## PROBLEM TO WORK ON
In the output, include exactly the lines from the beginning of the records up to and including the one that contains "从外观看,它和浙江许多乡村精", and leave out the pictures.
DATASET CONTENT START
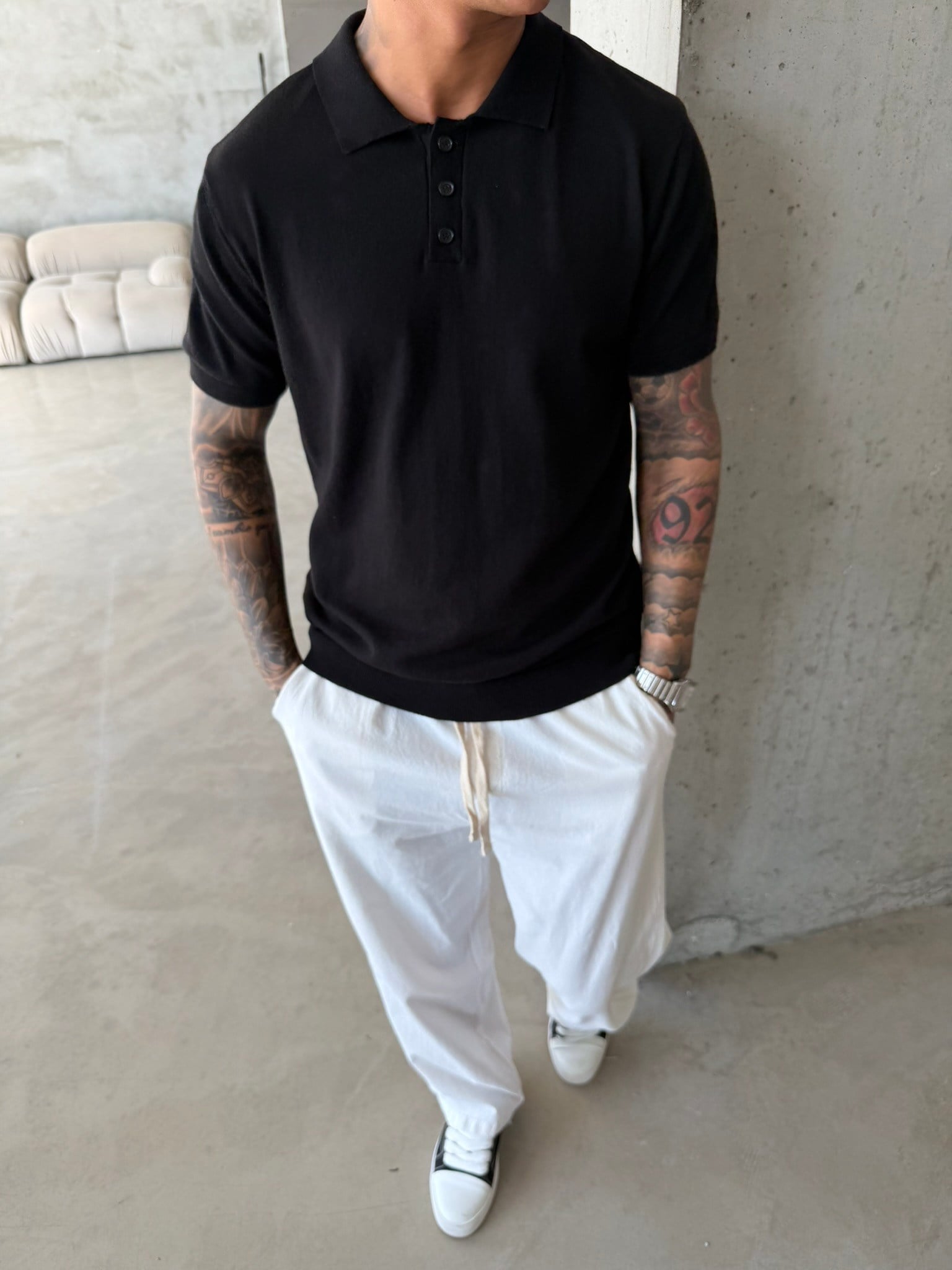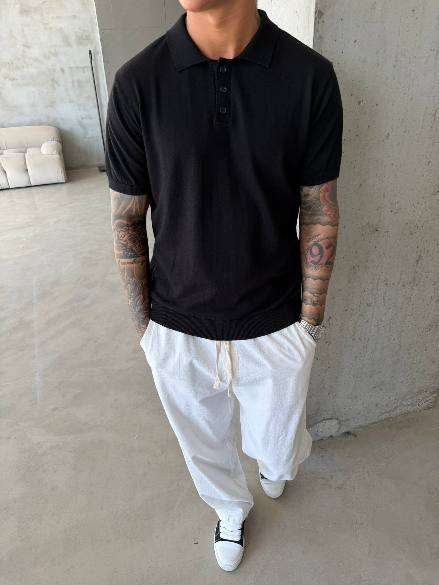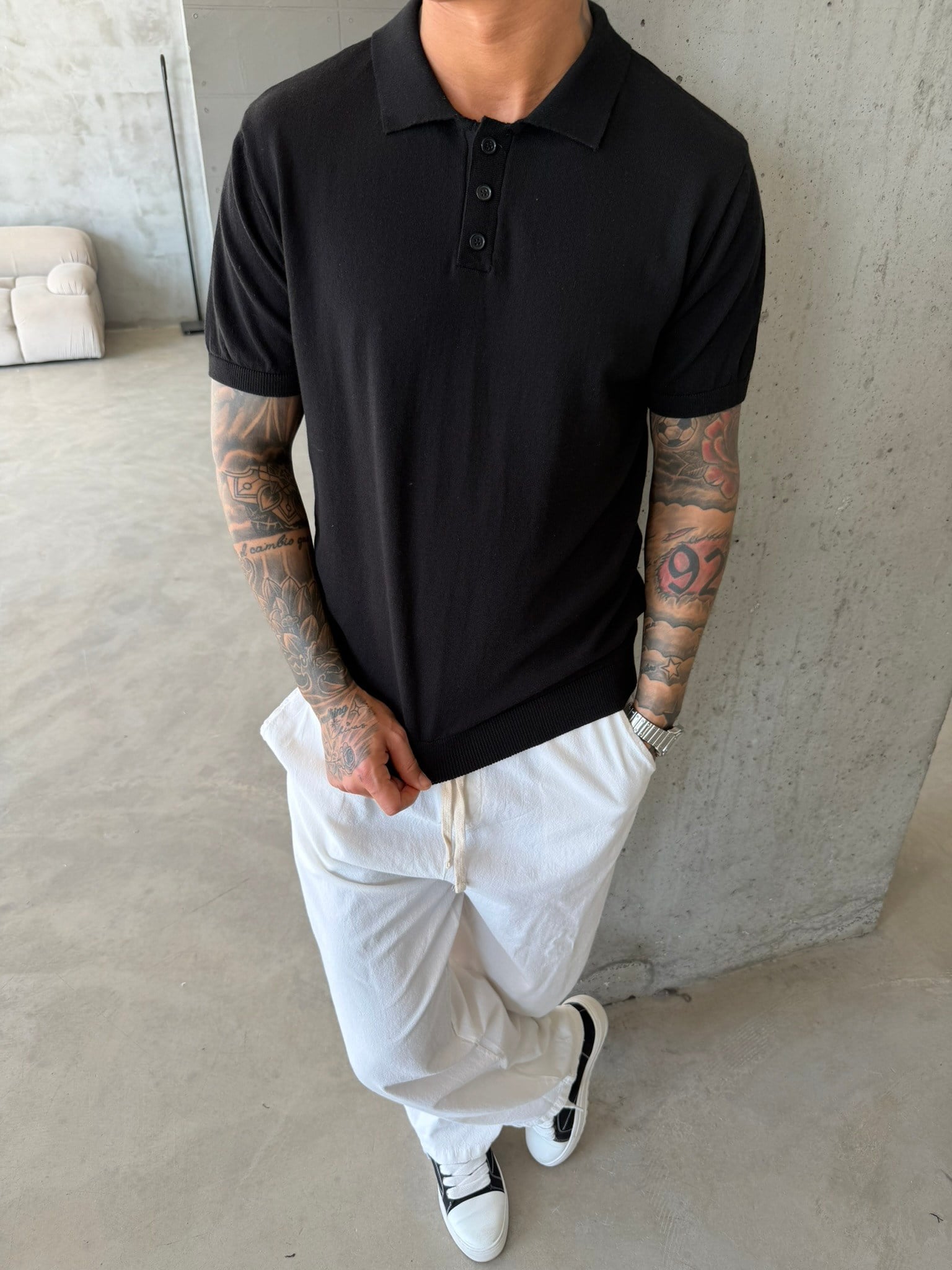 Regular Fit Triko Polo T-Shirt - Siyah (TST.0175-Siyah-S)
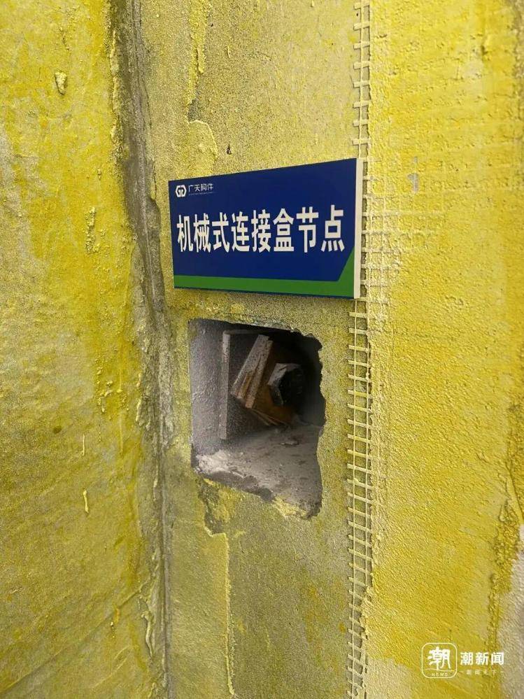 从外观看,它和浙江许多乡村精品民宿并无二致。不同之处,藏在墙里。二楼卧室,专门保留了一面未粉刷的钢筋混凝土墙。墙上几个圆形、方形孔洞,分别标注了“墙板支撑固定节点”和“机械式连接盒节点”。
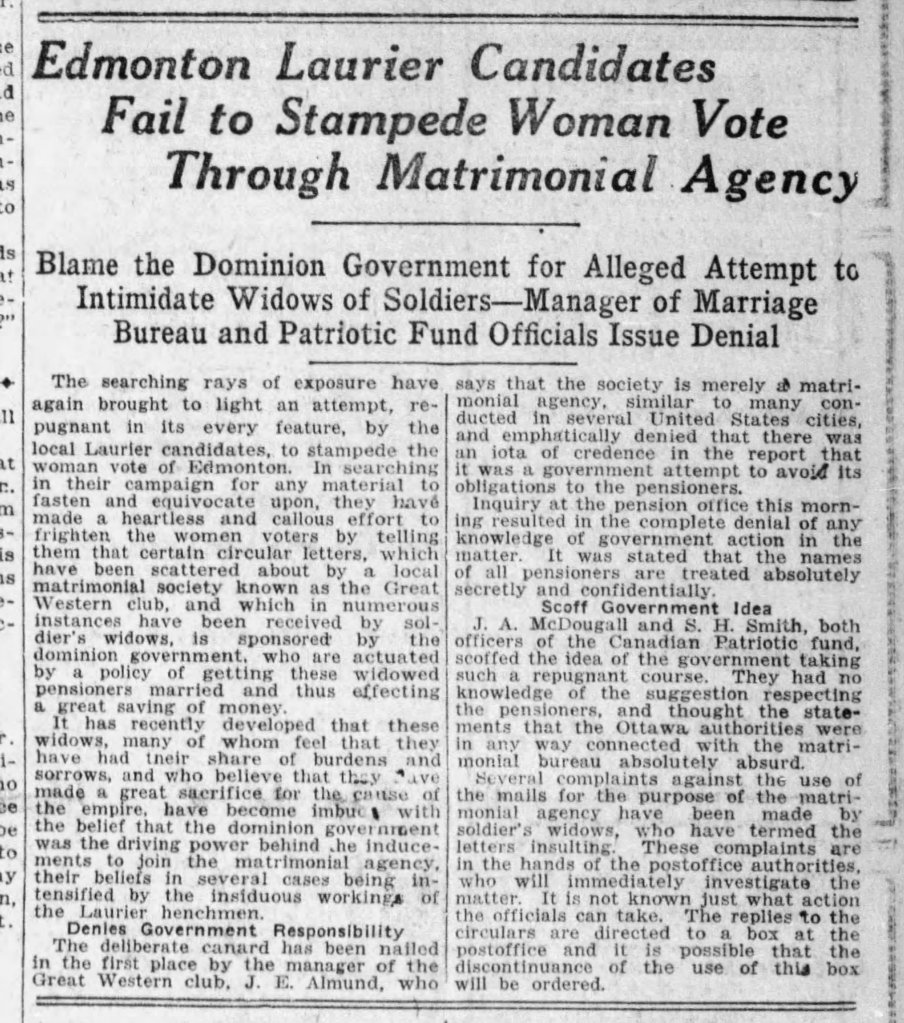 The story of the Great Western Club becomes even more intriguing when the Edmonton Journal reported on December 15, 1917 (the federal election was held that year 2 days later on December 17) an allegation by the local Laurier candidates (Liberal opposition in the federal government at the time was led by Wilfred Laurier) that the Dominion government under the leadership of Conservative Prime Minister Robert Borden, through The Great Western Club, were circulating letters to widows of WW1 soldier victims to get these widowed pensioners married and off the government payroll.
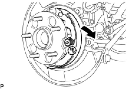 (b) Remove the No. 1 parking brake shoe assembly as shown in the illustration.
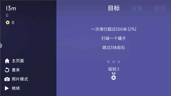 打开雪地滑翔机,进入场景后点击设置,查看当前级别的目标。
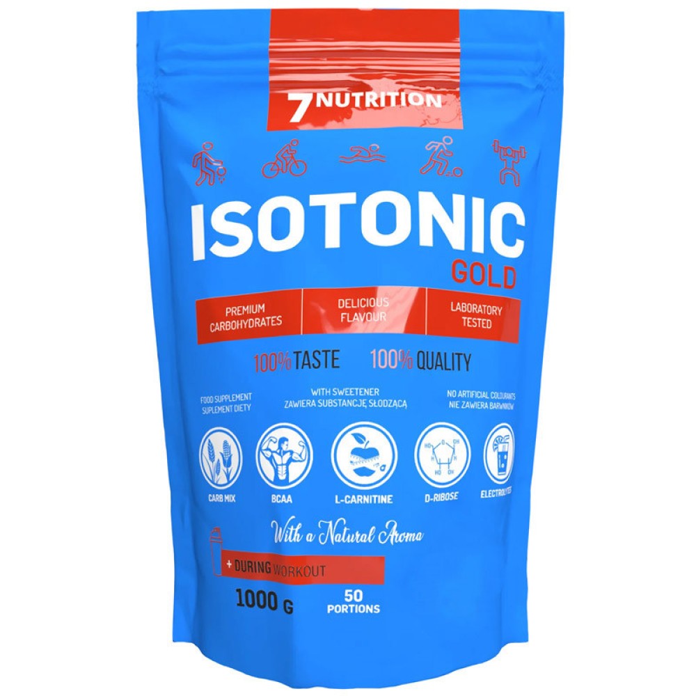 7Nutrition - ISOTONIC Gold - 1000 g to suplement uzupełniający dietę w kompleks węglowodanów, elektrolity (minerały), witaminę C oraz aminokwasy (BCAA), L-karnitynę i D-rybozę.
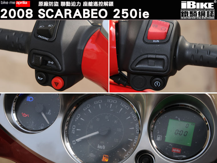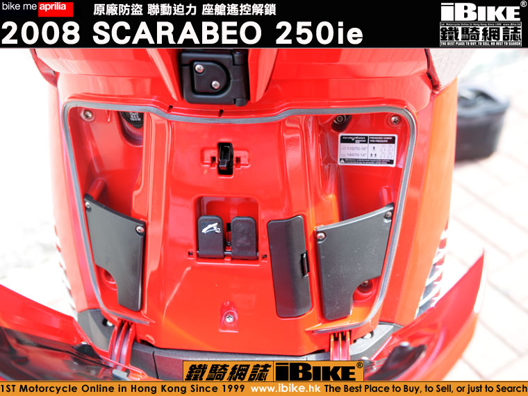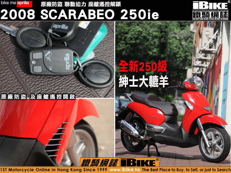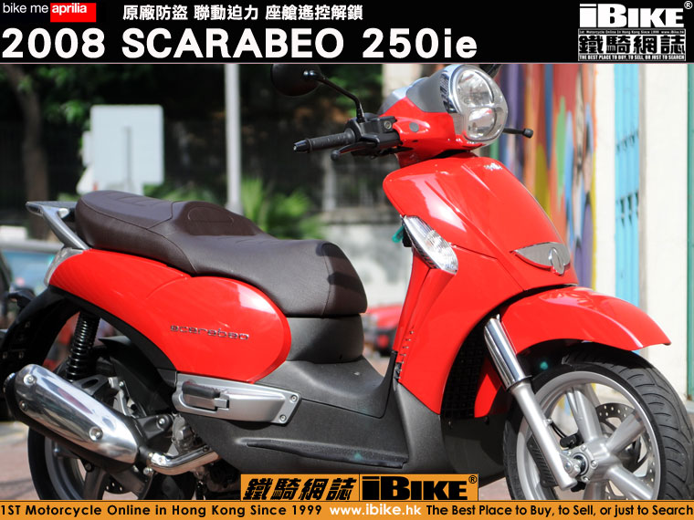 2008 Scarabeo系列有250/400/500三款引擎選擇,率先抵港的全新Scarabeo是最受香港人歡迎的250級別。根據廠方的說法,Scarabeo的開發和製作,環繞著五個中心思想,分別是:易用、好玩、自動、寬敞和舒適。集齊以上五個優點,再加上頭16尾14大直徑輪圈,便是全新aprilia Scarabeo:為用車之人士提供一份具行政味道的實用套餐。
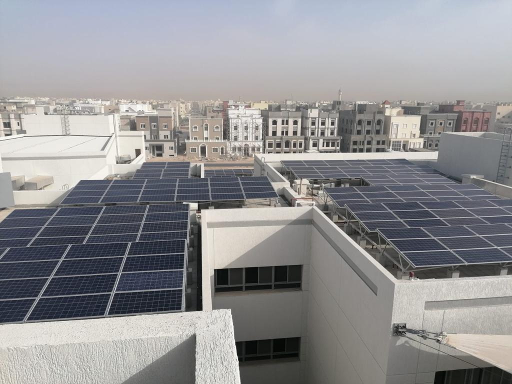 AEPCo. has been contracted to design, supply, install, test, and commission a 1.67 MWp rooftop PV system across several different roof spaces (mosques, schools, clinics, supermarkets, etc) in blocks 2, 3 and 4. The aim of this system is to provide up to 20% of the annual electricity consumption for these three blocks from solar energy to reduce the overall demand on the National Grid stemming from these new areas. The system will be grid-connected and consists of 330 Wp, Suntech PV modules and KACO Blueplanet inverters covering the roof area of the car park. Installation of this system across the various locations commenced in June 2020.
DATASET CONTENT END
## WRITTEN SOLUTION
 Regular Fit Triko Polo T-Shirt - Siyah (TST.0175-Siyah-S)
 从外观看,它和浙江许多乡村精品民宿并无二致。不同之处,藏在墙里。二楼卧室,专门保留了一面未粉刷的钢筋混凝土墙。墙上几个圆形、方形孔洞,分别标注了“墙板支撑固定节点”和“机械式连接盒节点”。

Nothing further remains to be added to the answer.